Submitted by
Assigned_Reviewer_4
Q1: Comments to author(s).
First provide a summary of the paper, and then address the following
criteria: Quality, clarity, originality and significance. (For detailed
reviewing guidelines, see
http://nips.cc/PaperInformation/ReviewerInstructions)
Paper summary:
The authors propose a Bayesian
inference procedure for conditional bivariate copula models, where the
copula models can have multiple parameters. The copula parameters are
related to conditioning variables by a composition of parameter mapping
functions and arbitrary latent functions with Gaussian process priors. The
inference procedure for this model is based on expectation propagation.
The method is evaluated on synthetic data and on financial time series
data and compared to alternative copula-based models. The paper also
includes an overview of related methods.
Quality:
The
proposed method is sound. The authors include a description of related
methods and list strengths and weaknesses of their method.
Clarity:
The paper is written clearly and concisely.
It makes a very mature impression. I could not find any inconsistencies or
typos. The figures and tables complement the text seamlessly, equations
are clear and well explained and the text is flawless.
Originality:
The model and its inference procedure is
an extension of a similar conditional copula model that was restricted to
copulas with only one parameter. The present work generalizes this
approach to allow more than one copula parameter. To my knowledge, this
extension is novel.
Significance:
The flexibility of
copula families with only one parameter is limited and the applicability
of more flexible families is a huge advantage. Performance gains compared
to the alternative methods are remarkable. This result is very promising.
Q2: Please summarize your review in 1-2
sentences
The paper extends an inference procedure for
conditional copula models. The contribution is important and well done.
Submitted by
Assigned_Reviewer_6
Q1: Comments to author(s).
First provide a summary of the paper, and then address the following
criteria: Quality, clarity, originality and significance. (For detailed
reviewing guidelines, see
http://nips.cc/PaperInformation/ReviewerInstructions)
This paper presents an interesting approach for
modeling dependences between variables based on Gaussian process
conditional copulas. It employs Gaussian process priors on the latent
functions to model their interactions. Then an alternating EP algorithm is
proposed for the approximate Bayesian inference. Experimental results on
both synthetic data and two realworld data indicate the better performance
of conditional copula models, especially the one based on student t
copula.
In general, this paper is well written and perhaps useful
for dependence modeling in time series data. The EP inference is also
implementable for the posterior distribution in the paper. A major problem
of this paper is that some details are missing: (1) How the parameters
in the copula model (e.g., \alpha, \beta, \omega for the Symmetrized Joe
Clayton Copula) in are calculated? I assume this paper sets them to
constants. How to choose them for a given time series data? (2) The
details of the parameters the exponential covariance function in Gaussian
process are missing. (3) How to choose the number of latent functions
k?
Q2: Please summarize your review in 1-2
sentences
This paper discusses an interesting topic and derives
an implementable inference method. However, some details on the parameter
settings are missing. Submitted by
Assigned_Reviewer_7
Q1: Comments to author(s).
First provide a summary of the paper, and then address the following
criteria: Quality, clarity, originality and significance. (For detailed
reviewing guidelines, see
http://nips.cc/PaperInformation/ReviewerInstructions)

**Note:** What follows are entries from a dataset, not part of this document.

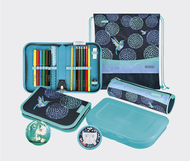 Minden minta tartalmaz egy 16 részes töltött rendszerezős tolltartót, egy henger tolltartót, egy sportzsákot és két cserélhető tépőzáras táskadíszt.
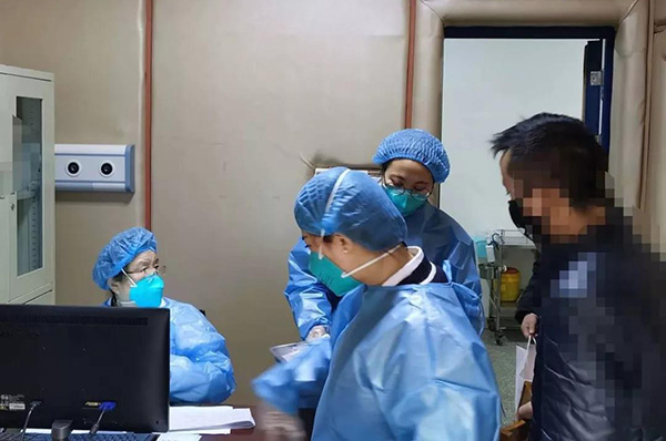 郑淑芳(左一)正在发热门诊接诊筛查
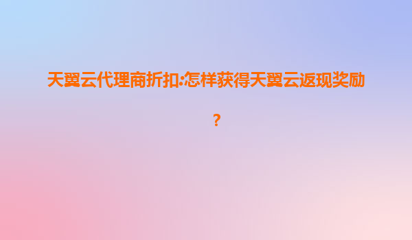 2025-06-25天翼云代理商折扣:怎样获得天翼云返现奖励? 在数字化转型浪潮中,天翼云凭借央企背景与领先技术成为企业上云首选。作为代理商,掌握返现奖励机制不仅能提升利润空间,更能增强市场竞争力。本...
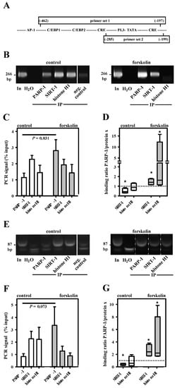 Dynamic interaction of PARP-1, SIRT-1 and histone H1 in the aromatase promoter I.3/II-region. (A) PARP-1, histone H1 and SIRT-1 in vivo binding to the aromatase promoter I.3/II-region in +/− forskolin-stimulated BAFs was analyzed by ChIP with two primer sets. The PCR products were separated on 12% polyacrylamide gels and stained with ethidiumbromide. In, input (1:50 diluted non-immunoprecipitated DNA); IP, immunoprecipitated samples; neg. control (protein G without antibodies). ChIP primer sets 1 ((B–D), 266 bp amplicon) and 2 ((E–G), 87 bp amplicon) revealed similar results (note that the forskolin-group image in E was cut and pasted to show the bands for PARP-1 and SIRT-1 in the general order of this figure; the original sample order is shown in Figure S2; the smaller band is unspecific). Forskolin stimulation increased PARP-1 binding and increased ratios of PARP-1/SIRT-1 and of PARP-1/histone H1 (n = 4; * p < 0.05 versus control).
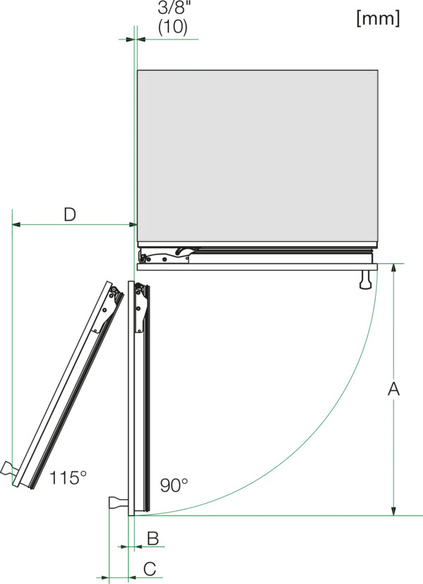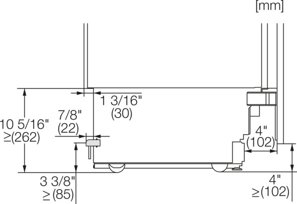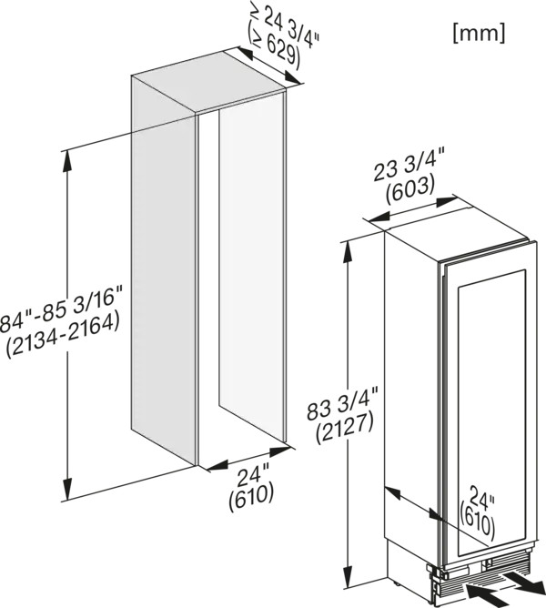 - Chiều rộng ngách tính bằng inch (mm), tối thiểu: 24 1/8 (610)
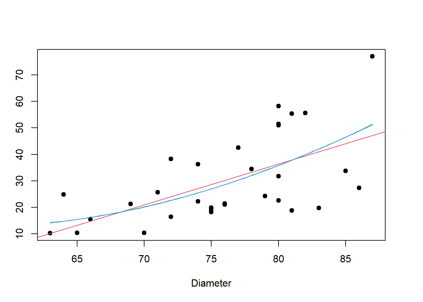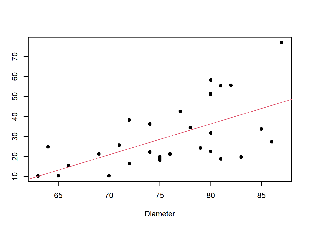 # Let's look at the regression line:plot(trees$Diameter, trees$Volume, pch=19,ylab="Volume", xlab ="Diameter")abline(lm1, col=2)# Compute the predicted values of the model:coef(lm1)[1] +coef(lm1)[2]*trees$Diameter
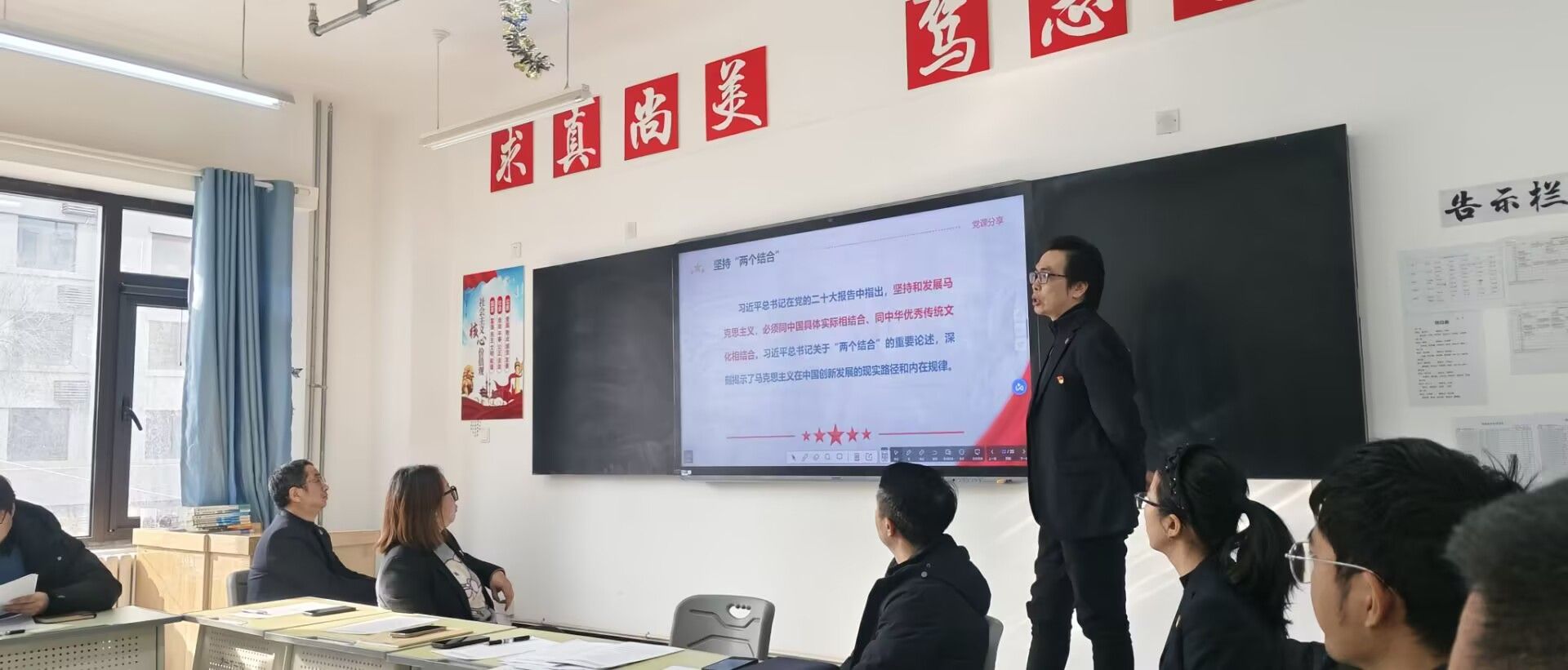 随后,王亮同志解读了“两个结合”的重要意义,指出“两个结合”是在五千多年中华文明深厚基础上开辟和发展中国特色社会主义的必由之路,是我们取得成功的最大法宝。把马克思主义基本原理同中国具体实际、同中华优秀传统文化相结合,实现了“马克思主义基本原理”与“中国具体实际”“中华优秀传统文化”之间的双向良性互动。
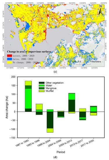 Impervious surfaces in Deep Bay from 1987 to 2020. (a–c) Change detection maps; and (d) Change detection statistics of impervious surfaces and other land cover types.
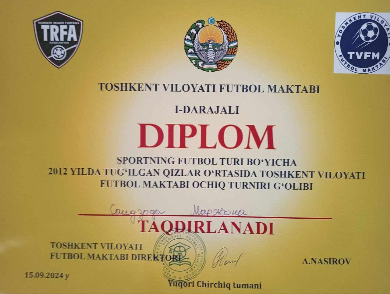 Saidzade Marjona sportning futbol turi bo'yicha 1 o'rinni qo'lga kiritdi
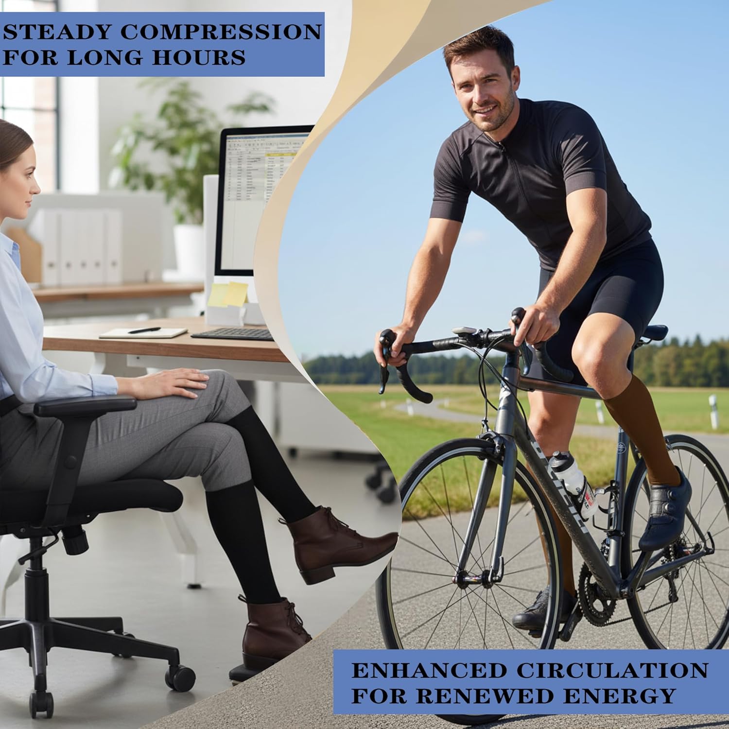 REDUCE INJURIES – Provide mild squeezing for warmness and enhance blood moving through your legs. Remove stress and stimulate every cell, relieves symptoms varicose veins and excess fluid retention. Help relieve pain & discomfort related to plantar fasciitis, Provides true graduated compression to support your legs, reduce fatigue, soreness, cramping and prevent injuries at the same time.
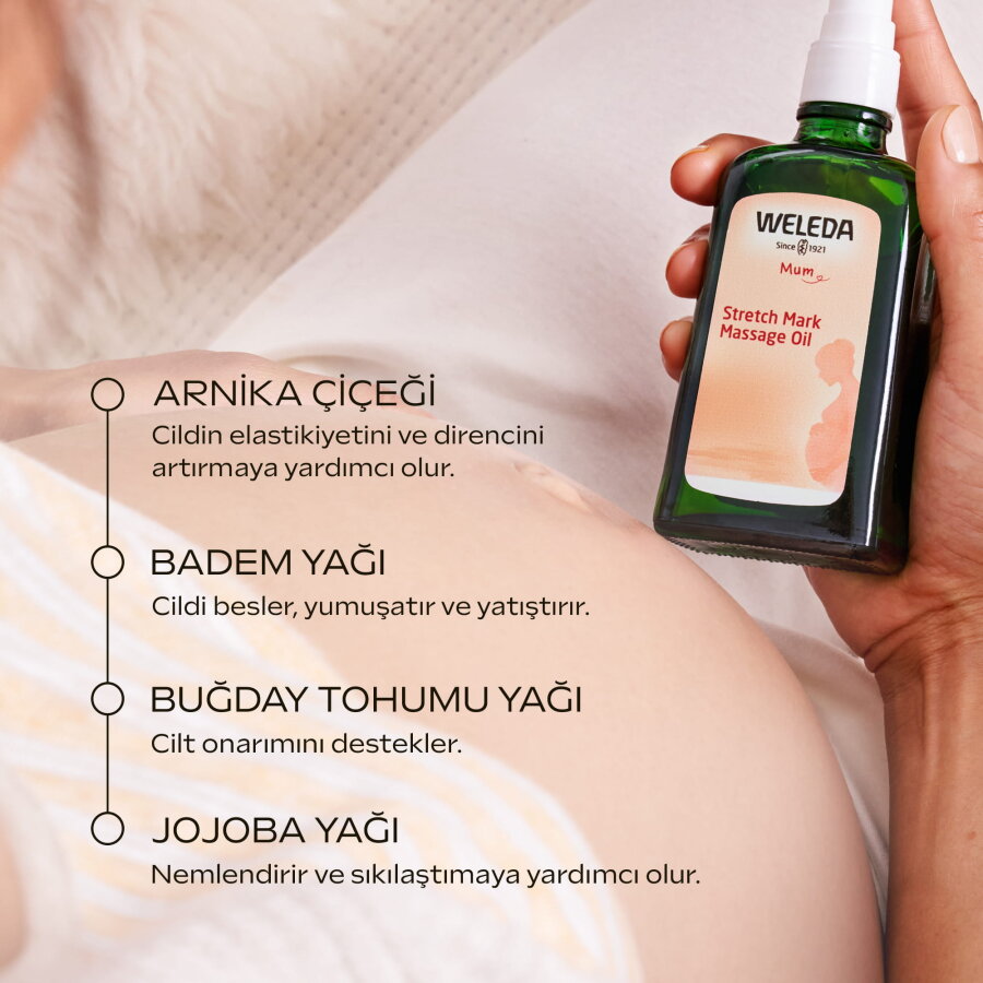 İçeriğindeki badem yağı , buğday özü yağı, jojoba yağı ve organik arnica özü, cildinizdeki gerginlik ve kaşıntı hissinin azaltılmasına yardımcı olur.
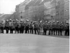 Dowodził pułkownik. Przedstawiłem się i wytłumaczyłem mu, że nie jesteśmy w stanie podporządkować się wezwaniu do rozejścia, bo mamy z przodu milicję, z tyłu milicję, a po bokach bloki. W końcu coś razem wymyśliliśmy i oni pożyczyli mi głośnik, żebym mógł to ludziom powiedzieć. Cel demonstracji został osiągnięty, nie było powodu dawać im jeszcze tej satysfakcji, że nas stłuką za frajer. Ludzie powoli znikali z ulicy, kiedy stanął przy mnie starszy sierżant: „Pan idzie ze mną, dowódca coś jeszcze panu powie”. Domyślałem się, co ma do powiedzenia, ale nie chciałem przecież awantury, więc spokojnie, na luzie, poszedłem dać się zamknąć.
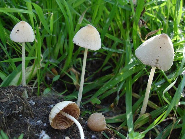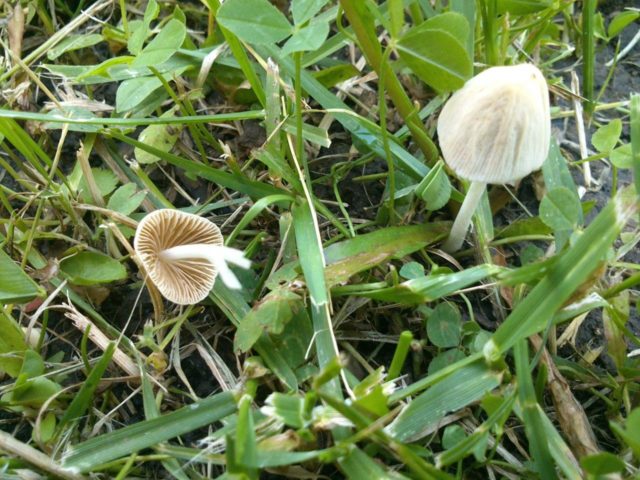- Conocybe branco leitoso também não comido. Capuz de orla irregular, esbranquiçada, com matiz amarelado. Ele difere no tamanho pequeno - até 2,5 cm. Em espécimes jovens, é fechado, em forma de ovo. Em seguida, assume a forma de um sino, nunca totalmente revelador. A perna é reta, muito fina e bastante longa, cerca de 5 cm, a polpa é macia e amarelada. Não há anel na perna. Frutificando todo o verão, encontrado na grama. A vida dos corpos frutíferos não é mais do que 2 dias.

The paper tackles the problem of fitting conditional
copula models. The paper goes beyond typical constant copula functions and
aim to model cases where parameters of the copula are functions of other
(time) varying aspects of the problem.
The core solution is
essentially modeling the parameters space as Gaussian Processes. Starting
from a Gaussian Process prior, the information from observed data are
incorporated via Expectation Propagation for approximate inference of the
posterior distribution.
The paper is extremely well written and
easy to follow. The problem is well motivated and most importantly
illustrations with HMM based and multivariate time series copulas are very
nicely written. The experiments are sufficient as
well. Q2: Please summarize your review in 1-2
sentences
Overall, this is a nice paper that motivates a novel
problem and provides a reasonable solution with excellent experimental
illustrations.
Q1:Author
rebuttal: Please respond to any concerns raised in the reviews. There are
no constraints on how you want to argue your case, except for the fact
that your text should be limited to a maximum of 6000 characters. Note
however that reviewers and area chairs are very busy and may not read long
vague rebuttals. It is in your own interest to be concise and to the
point.
We would like to thank all of the reviewers for their
time and comments. We are also very pleased to receive unanimously
positive feedback. Below, we answer three specific questions and correct
an error in our submission (which fortunately only strengthens our
conclusions).
Reviewer 6 asked some specific questions which
we answer below - we will update the manuscript to make these points
clearer.
1 ) The parameters alpha, beta and omega in the DSJCC
method are found by maximum likelihood.
2 ) The covariance
function for the Gaussian processes is the squared exponential kernel (for
the parametric form see equation (2) or e.g. Rasmussen and Williams). All
parameters of the kernels were found by maximizing the EP approximation to
the model evidence.
3 ) The number of latent functions k is
determined by the number of parameters of the parametric copula model.
There is one latent function for each parameter.
To all reviewers:
We would also like to correct a “copy-paste” error we made just
before submission. The numbers in table 4 were mistakenly set to be
identical to those in table 5. Fortunately, the discussion in the
manuscript was based on the correct figures and the correct values only
strengthen our conclusions. We include the correct figures for Table 4
below. The pattern of bold and underlined numbers is similar to that in
Table 5, which explains why we did not spot the error in our submission.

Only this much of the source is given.